- Type: Settlement
- Location: Sindh, Pakistan

= Kakrala (Sindh) =

Kakrala (ڪڪراله) or Kak (ڪاڪ) was a historical region in southern Sindh, in the coastal parts of the Indus Delta. Descriptions of its precise extent vary, but it lay in the middle part of the delta, comprising the present-day taluqas of Shahbandar and Jati Taluka in Sujawal and Thatta districts. It has been described as the region from Jati to Kharo Chan, or the region between the mouths of the Wanyani and Pitti rivers. This area later formed part of the pargana of Ghorabari.

Henry Miers Elliot and Wolseley Haig identified Kakrala with the island of Krokala in ancient Greek sources. The region was occasionally referred to as Kakrala until the 1930s.

==Name==
The name "Kakrala" is variously transliterated; variant spellings include Kakrāla, Kakrālā, Kakrālah, Kakrālo, and Kukrāla. It is probably derived from the Sindhi adjective kakrālo, meaning "pebbly", derived from the noun kakro meaning "pebble". The interpretation "land's end" has also been proposed, but this is more esoteric. one other suggested origin of its name is believed to be that due to its proximity to the sea, this region was always covered with clouds (Kakar). Consequently, it was called 'Kakran Waro' (the land of clouds) or 'Kakraro', and later became known as 'Kakralo. In history books, it has been recorded also as Kakraro', or 'Kand Kakraro', among other variations.

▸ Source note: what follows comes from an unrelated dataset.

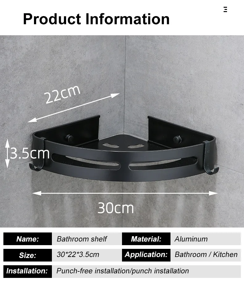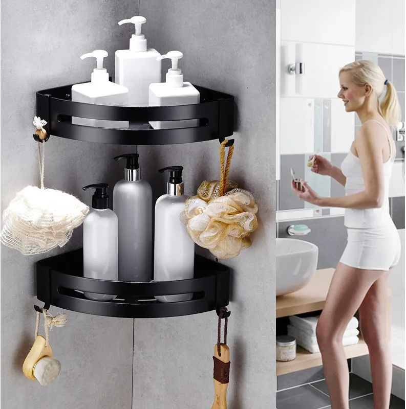 Треугольная стойка для хранения полотенец и душа, черные угловые полки, Настенный алюминиевый держатель для шампуня, полка-органайзер для ванной комнаты без сверления

The name "Crocala" or "Cocala" underwent significant changes over the centuries. By the 16th century AD, the name had evolved into "Krokala", which eventually transformed into "Kakrala" or "Kakralo".

==History==

From about 1470 to 1760, Kakrala functioned as a small state whose rulers held the title of Jam and were identified as either Sammas or Kehars. Their capital was at Dera in Kakrala, now in ruins near the site of Chachkan. The Jams of Kakrala built numerous tombs and chhatris for themselves and for their patron saints. Among their patron saints was Aban Shah, a 16th-century Suhrawardi mystic buried at Aban Shah Ja Takkar, about 2 km south of Chuhar Jamali in present-day Sujawal District. Another was Rajan Shah, also a Suhrawardi mystic from the same family, whose tomb lies about 1 km west of Aban Shah's. Both men and women of the ruling family took part in tomb construction; for example, a woman of the Kakrala ruling family commissioned the tombs at Abro Halani near Jati. Kakrala was eventually annexed by the Kalhoro dynasty in 1760.

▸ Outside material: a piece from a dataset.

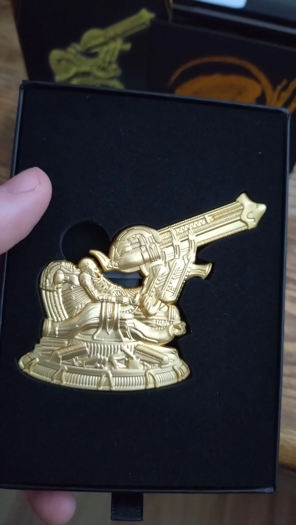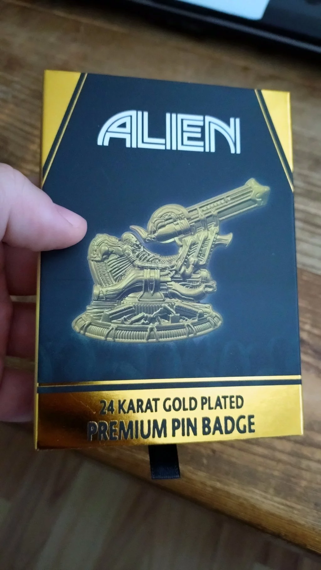 Krásne spracovaný odznak. Ktorý je síce moc veľký na nosenie ale kto by nosil pozlátený limitovaný odznak. Ešte by som ho niekde stratil. Aj tak je to iba na výstavu. Potešilo že obsahuje fakt krásnu litografiu so zlatým votrelcom.

During the Kalhoro dynasty Period Kakrala was considered one of the center of knowledge and learning in Sindh.

Kakrala was one of the parganas of Lower Sindh under the Talpur dynasty. It was governed by a "sazāwal-kār", or revenue collector, with several munshis (writers) to assist in its administration.

== Folklore ==
Udho Kehar and Hothal Fairy is a Sindhi folktale set in the Kakrala. It tells the story of Udho Kehar, a prince of the Kehar ruling family of Kakrala, and Hothal, a fairy who is described as the daughter of the Nagamara chief Sangan. The tale is a popular work of Sindhi literature and continues to be remembered in Sindh, Kutch, and Saurashtra.